I have uploaded plans for a rotary steam regulator that I constructed for my D10 powered steam tug. The regulator is designed for RC servo control.

Cheers,

Adrian 







View attachment Regulator Drawings - Imperial Ver 2.pdf


----------



## Blogwitch (Aug 9, 2010)

Adrian,

Very nice indeed, thank you.

I do like the little 'nick' idea, I had seen it on rubber faced control units, but never thought to use it like you have. Brilliant!


Bogs


----------



## tel (Aug 9, 2010)

Thanks Adrian, I've squirreled that one away for when my boat project gets up and running.


----------



## xo18thfa (Aug 10, 2010)

Thanks Adrian.
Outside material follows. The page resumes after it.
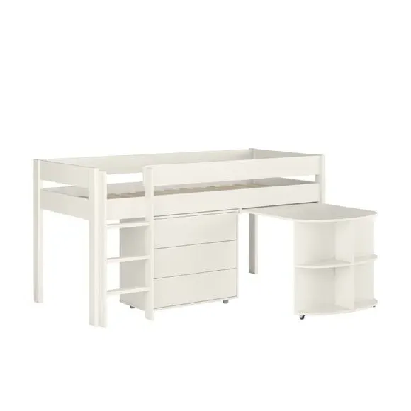 The midsleeper bed combines sleeping space with practical storage solutions, featuring a pull-out desk and integrated chest of drawers. Its painted wooden frame offers durability with a high foot end design, while the slatted base provides proper mattress support. The space-saving configuration maximizes floor area below the sleeping platform, and the built-in storage keeps belongings organized.

A nice design and it look cool too.


----------



## mcr (Aug 10, 2010)

Many thanks I have just finished my steam control valve and thought I could improve on it these plans are the answer thanks again.
Mark


----------



## mcr (Aug 11, 2010)

Could anybody explain how the valve remains seated to the intake?


----------



## around (Aug 11, 2010)

MCR,

Pressure inside the regulator body keeps the valve firmly seated whenever it is covering all (or any) of the outlet port. The valve "floats" on the drive shaft to ensure that this sealing can take place. Lapping to valve to the body ensures that the seal does not leak. I run the valve at 60 psi and it seals nicely on both air and steam.

Cheers,

Adrian


----------



## mcr (Aug 11, 2010)

Silly me got it now the intake and out put tubes wrong way around in my head !


----------



## around (Aug 11, 2010)

The regulator was designed to fit onto the D10 steam manifold with a displacement lubricator. The space restrictions in the hull of the model meant that the regulator sits below the manifold with the displacement regulator plugged into the normal manifold input port. Hence, the output is at the top.

Cheers,

Adrian


----------



## mcr (Aug 14, 2010)

Still needs a little lapping I think but many thanks for the design and your help Adrian
[ame]http://www.youtube.com/watch?v=RNSuMjkFRzM[/ame]
Mark


----------